Overall, the combined NMR, UV/vis and ECD experiments allowed an unambiguous isomer assignment confirming constitutional alteration as a key-step as well as complete unidirectionality of motor 1. Especially noteworthy is the completely selective conversion of D-1 to E-1 and then to A-1, since isomer D-1 inherits a single bond instead of the configurationally stable double bond as rotation axis. It is only because of the significant intramolecular hydrogen bond that the rotation direction is not reversed in the thermal follow up step, which would populate C-1 instead E-1. Our calculations show that D-1 is the global minimum of the epoxide state, which is not the case when the OH proton is replaced by a methyl group in silico (see Supporting Information for the corresponding data). The hydrogen bonding effect is present even in protic solvents like MeOD-d4 (see below and the Supporting Information) and despite an apparent proton-deuterium exchange. Thus, intramolecular hydrogen bonding is truly dictating the sense of directionality in the D-1 to A-1 rotation sequence and thus is responsible for motion control instead of sterics. Interestingly this is not the case for the A-1 to B-1 to C-1 rotation sequence, although intramolecular hydrogen bonding is present in isomer A-1 and needs to be broken in the photochemical step. However, we found that when the OH proton is replaced again by a methyl group in silico, the inherent directionality of the corresponding A-2 to B-2 to C-2 rotation sequence is retained and thus is the same as in motor 1. It becomes apparent that isomers A are more stable than isomers B within this molecular setup in general, which is a steric effect that favors the i-propyl group residing at the same side of the indanone plane as the phenyl-methoxy (see the Supporting Information for more details).

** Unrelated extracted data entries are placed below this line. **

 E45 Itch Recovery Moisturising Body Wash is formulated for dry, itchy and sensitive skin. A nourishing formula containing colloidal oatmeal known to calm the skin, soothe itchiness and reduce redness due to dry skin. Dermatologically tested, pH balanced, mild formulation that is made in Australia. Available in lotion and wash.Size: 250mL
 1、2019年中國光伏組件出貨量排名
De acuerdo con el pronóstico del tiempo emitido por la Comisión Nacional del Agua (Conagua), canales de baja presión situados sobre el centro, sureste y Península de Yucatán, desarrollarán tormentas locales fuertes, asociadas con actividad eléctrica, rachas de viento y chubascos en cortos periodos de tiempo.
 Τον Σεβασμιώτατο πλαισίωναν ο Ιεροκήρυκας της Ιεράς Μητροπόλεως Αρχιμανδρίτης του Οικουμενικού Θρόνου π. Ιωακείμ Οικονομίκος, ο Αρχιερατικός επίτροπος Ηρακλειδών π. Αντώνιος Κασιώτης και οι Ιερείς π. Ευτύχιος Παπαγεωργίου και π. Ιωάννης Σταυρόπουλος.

When comparing the kinetics for the thermal helix inversion from D-1 to A-1 (both intramolecularly hydrogen bonded) no strong influence of the solvent polarity was observed. Kinetic analysis in MeOH or THF delivered roughly the same Gibbs energy of activation of ΔG‡ = 13 kcal/mol for this process (see Supporting Information). It has to be emphasized however, that for this process no full disruption of the intramolecular hydrogen bond is needed for the conversion from D-1 to A-1 but rather a proton hopping during re-tautomerization and epoxide opening. Therefore, possible effects of the solvent are likely to cancel out rather than preferring one isomeric state and significantly altering the energy landscape.

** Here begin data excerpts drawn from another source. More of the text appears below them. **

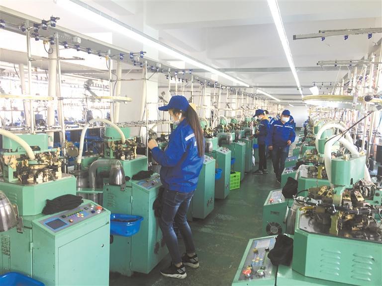 裝上棉紗、調(diào)好數(shù)據(jù)、按下開(kāi)關(guān),只見(jiàn)織襪機(jī)齒輪開(kāi)始飛速運(yùn)轉(zhuǎn)、針筒反復(fù)運(yùn)動(dòng)……不到3分鐘便有了襪子的雛形。次日一早,負(fù)責(zé)縫頭的農(nóng)戶便會(huì)上門(mén)取走襪胚,進(jìn)行下一……
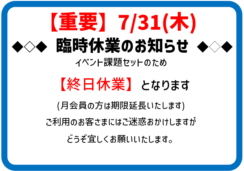7/31(木)はイベントセットのため終日休業いたします。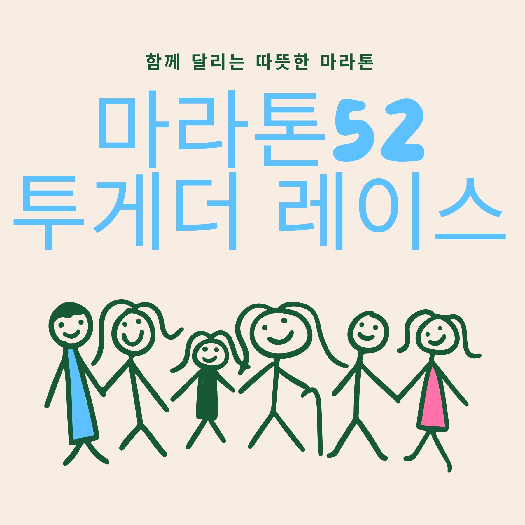 마라톤52 투게더레이스는 "wegotogether"라는 슬로건으로 매주 대회를 진행합니다. 1m1원 기부 마라톤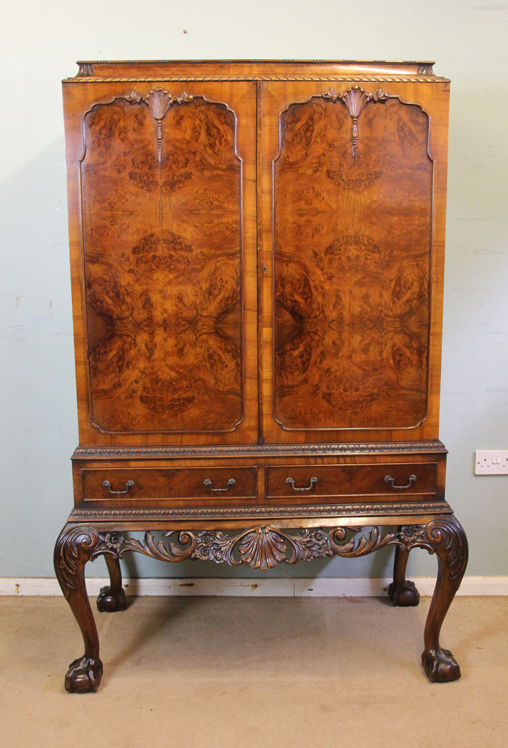 Burr Walnut Cocktail Drinks Cabinet C.1920

It finally needs to be emphasized that a significant red shift of about 50 nm is seen for the absorptions of the stable A-1 and C-1 isomers when compared to the structurally related first HTI motor inheriting a sulfoxide as stereogenic center. Such red shift of absorption is desirable for many applications of molecular motors e.g. in the context of biology, catalysis, or materials and thus makes motor 1 a highly interesting candidate in this regard.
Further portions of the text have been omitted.